Many keyboards have been worn out debating how to make code more readable, and what affects readability. One of the reasons I've enjoyed using Python so much is that it doesn't fight (much) my efforts to write code that's easy to read. Proponents of coroutines, as used in libraries such as gevent, have claimed that a major advantage is that they make networking code easier to read, compared to other concurrency mechanisms such as generators or callbacks. I am going to argue instead that coroutines make code harder to read. Before I get into that, I'm going to propose this definition of readability:

A program is readable when you can look at its code and understand what it does.

Note particularly that this is different from looking at code and understanding what the author intended the program to do. Readability counts most when you're reading code that doesn't work (such as when debugging) or code that might not work the way it should (such as when doing a security audit). Designing for readability means designing for adversarial review of code.

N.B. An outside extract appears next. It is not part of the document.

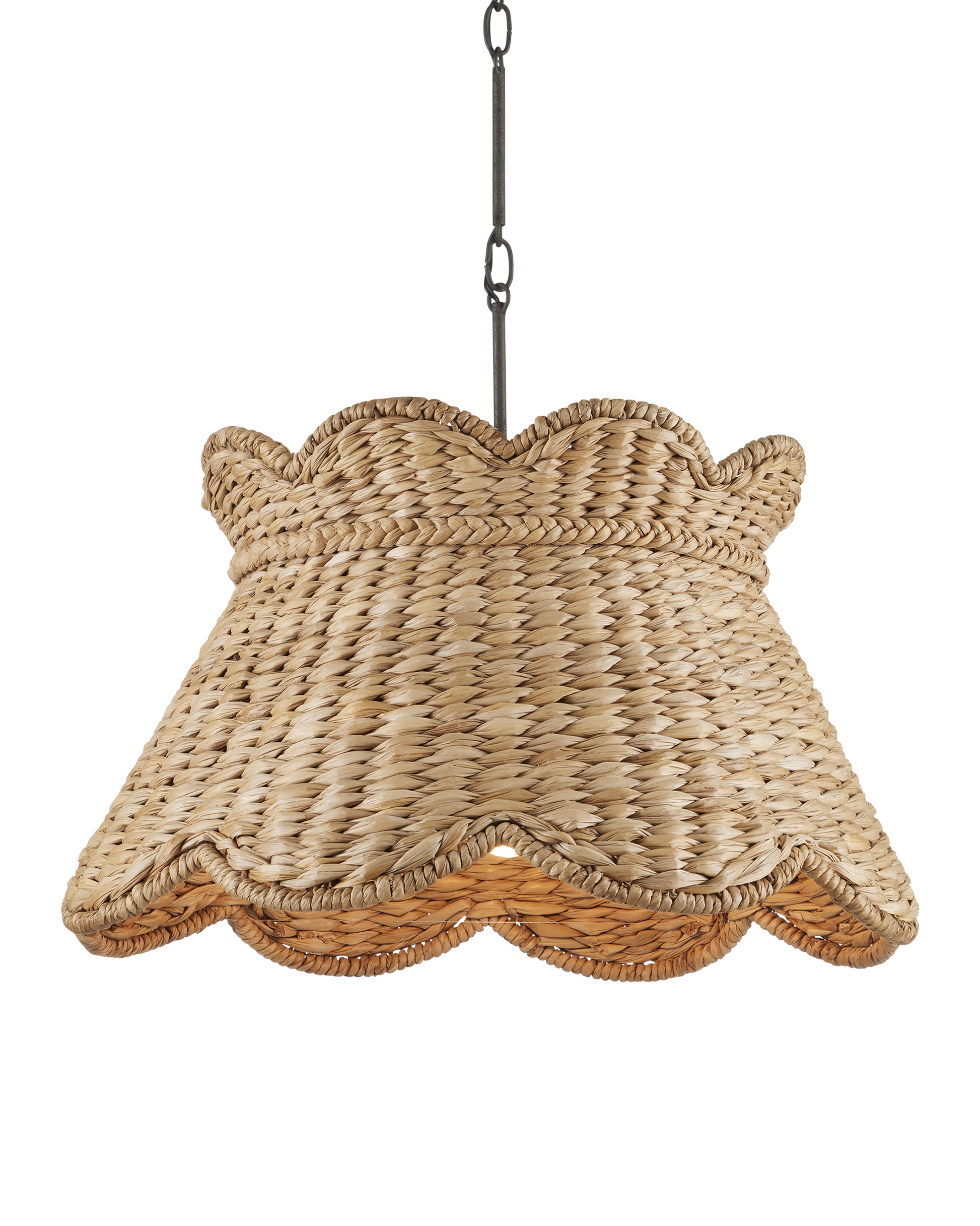 Suzanne Duin, who founded the Houston shop and design studio Maison Maison, conceived the Annabelle Large Pendant. Known for a keen eye in sourcing authentic French antiques and home accessories from around the globe, Suzanne created a line of woven light fixtures that are handmade by artisans in South Asia. The shade, made of water hyacinth, will bring both texture and French flair to a space, the braided edges fine treatments that reflect Parisian style. Infuse a breakfast nook with the lore of the city’s famous cafés with this woven pendant, which is au courant in a mix of natural and mole black finishes. Adjustable from 22.75" to 68.75" with use of included chain/rod kit/cable. If your space calls for a longer drop, additional chain/rods/cable is available for purchase.
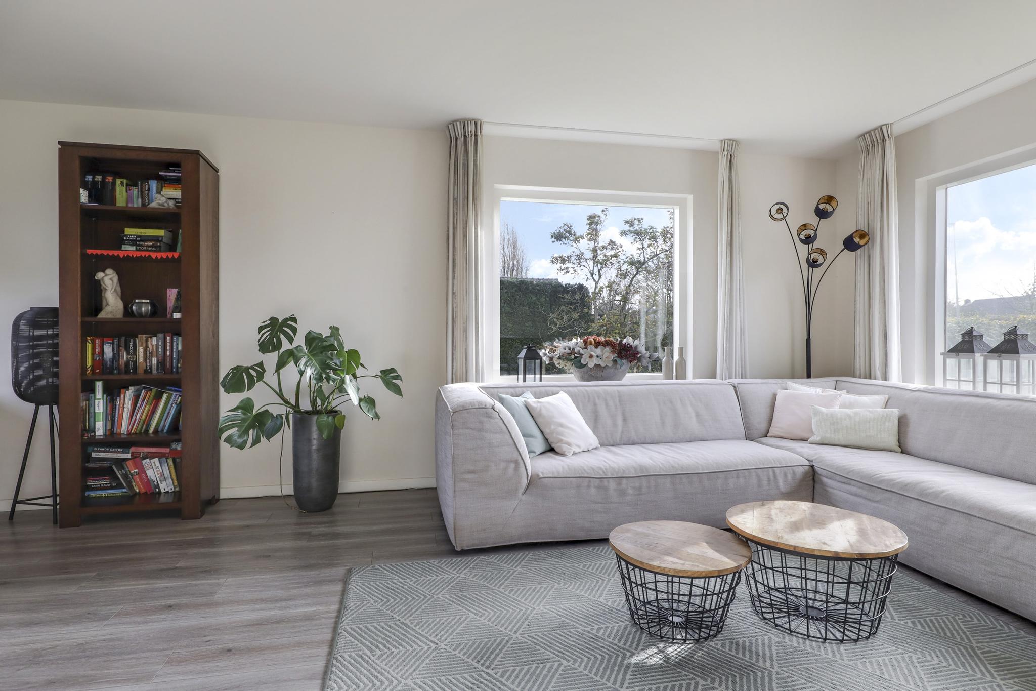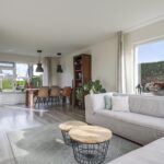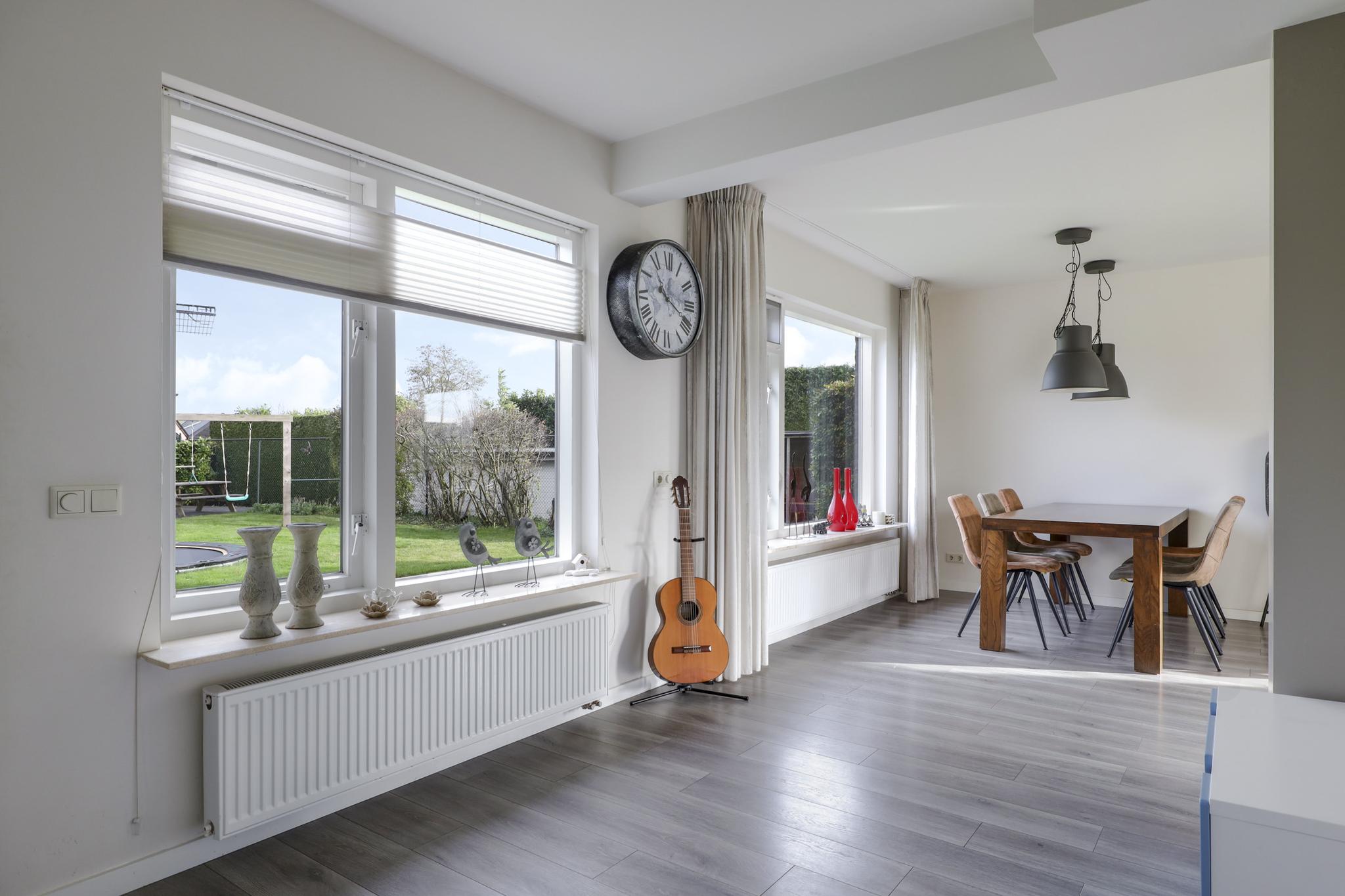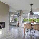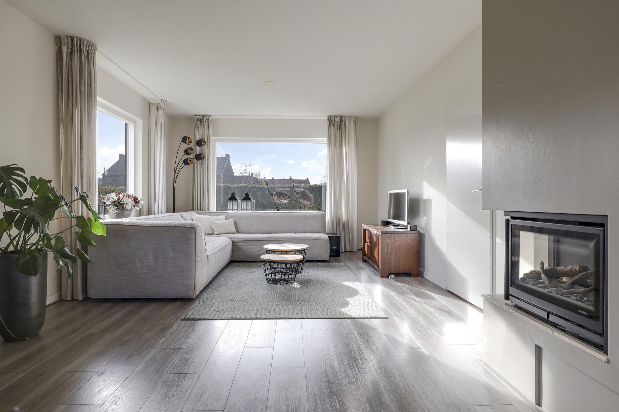 Opvallend aan deze woonkamer is de prettige lichtinval. Grote raampartijen zorgen niet alleen voor veel daglicht, maar ook voor een mooi zicht in de tuin (rondom). Dit zorgt voor een prettige woonsfeer zonder enige inkijk. De woonkamer is in te richten met bijvoorbeeld een lekkere hoekbank. Ook kun je er met gemak een lange 6- of 8-persoons eettafel kwijt. Een eye-catcher centraal in de woonkamer is de ingebouwde gashaard die in de koude maanden voor gezellige winteravonden kan zorgen.

As Mark Miller and Dave Herman have pointed out, when first learning to program in a language like Python, there are some basic assumptions we make about control flow. The main one I want to talk about here is that it's possible to understand what happens when you call a function by reading the code of the function.

Consider this trivial example.

self._foo.a = self._foo.b
self._foo.b = baz()

Suppose you want to determine whether any code can see self or self._foo while its internal attributes are disarranged — in this case, the time during which its a and b attributes are set to the same value. Normally in Python we'd be able to answer this question by reading the source for baz. However, in the presence of coroutines this isn't sufficient! If baz, or anything it calls, invokes something that causes the current coroutine to suspend, then any other code can be invoked at that point, thus making it impossible to keep this internal mutation from being exposed.

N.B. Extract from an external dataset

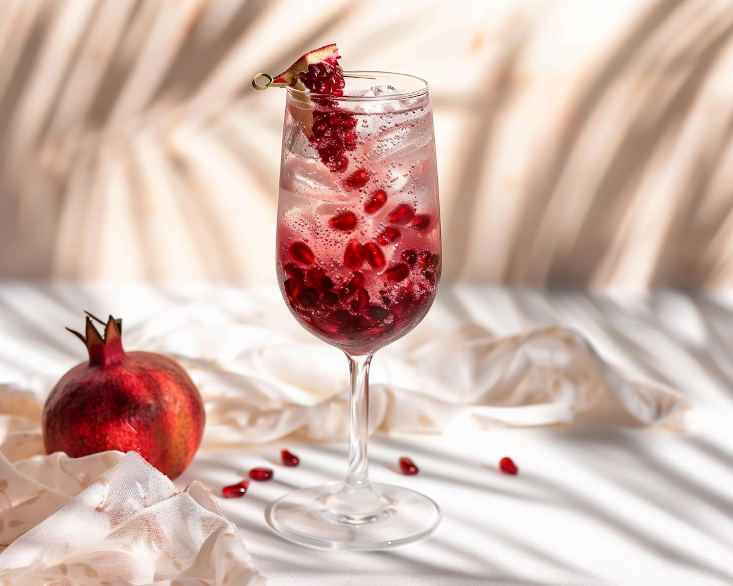Elegant pomegranate sparkling water in a wine glass with ice, garnished with pomegranate slice, set on a white tablecloth with tropical shadows.
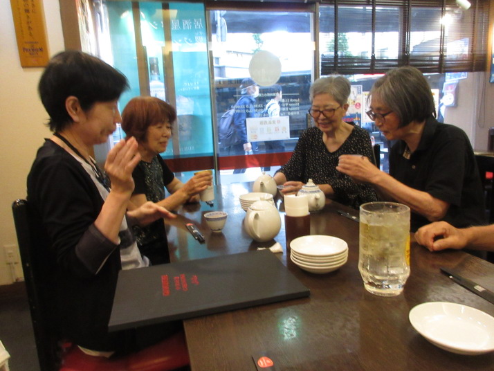| 内容: ・本日レポーターはは、先月18日の甲府同窓会から、善光寺写経・信濃路の旅、あおぞら共和国草刈り、実家の農作業、 県人会連合会、大学の東京支部同窓会と続いた行事の疲れで、全く、気が入りませんでした。今日は休日と割り切って、 千字文の2枚目、3枚目で終わりとなりました。 三時のおやつで、頭脳への栄養も補給しました。 ・何時もの様に、内藤農園から産地直送の、ニンニクとちじみレタス ・慰労会は池尻大橋駅近くの中華 C-MEN-HAN 5月の善光寺写経・信濃路散策の思い出話に花が咲きました。 ・会議室では飲食禁止なので、建前はティータイムは無、 しかし、今日もお菓子がいっぱい 昼食はレストランあり。弁当はラウンジで。 テイクアウトメニューも有ります。 |

"In the face of ambiguity, refuse the temptation to guess."

There's many different situations where this sort of problem arises. In general, any kind of imperative code needs to be able to preserve invariants for its data structures, while still being able to do work that might temporarily violate those invariants. This is why Python has the with and try/finally structures; being able to express some level of transaction-like behaviour is useful, so you can worry about cleanup and invariants at a single place.

These are only useful for operations that aren't extended in time, however. When using coroutines, it's possible to write code where finally blocks don't get a chance to run before something in another coroutine interferes. More distressingly, the finally block may not run at all! When a coroutine is suspended, there's no guarantee it will be resumed before the program terminates.

If this sounds a lot like using threads, it's because it is. Coroutines are a form of threads; they're the foundation for what are called "green threads" in some language runtimes, such as early versions of Java and Ruby. The problems with threads are well documented, and various tools developed to deal with the problems they introduce, such as mutexes, locks, and queues. Not all coroutine libraries provide these tools, and the ones that do don't encourage their pervasive use. The only salient difference in behavior is that OS-provided threads can be interrupted at more points. On the other hand, OS threads can be scheduled on multiple processors at once, providing parallelism. So, in conclusion: coroutines are strictly worse than threads, because they have the same kinds of problems (non-determinism, loss of code readability) and do not offer any unique advantages.

Superior options for concurrency are use of Deferreds to manage callbacks, or generators. The primary historical objection to callbacks is the "pyramid of doom", where functions get nested to ridiculous depths. Deferreds make callback-invoking code composable, and help flatten out the functions used, as David Reid has ably shown. Use of callbacks/Deferreds lets you keep all your normal assumptions about control flow. Invoking a function can return a Deferred, but it can't do anything to suspend your code calling it. Once a function is exited, it can't be re-entered without calling it again. So in a very useful sense, Deferreds make concurrent code much more readable.

Generators let you keep most of your assumptions, but they add an extra rule: a function can be suspended and (maybe) later re-entered when a yield keyword is encountered. This provides the same amount of information as callbacks, but does enable some cases that require a good bit more squinting and head-scratching to figure out.

I believe that better syntax can provide the convenience of generators and the clarity benefits of Deferreds. More about that in a future post.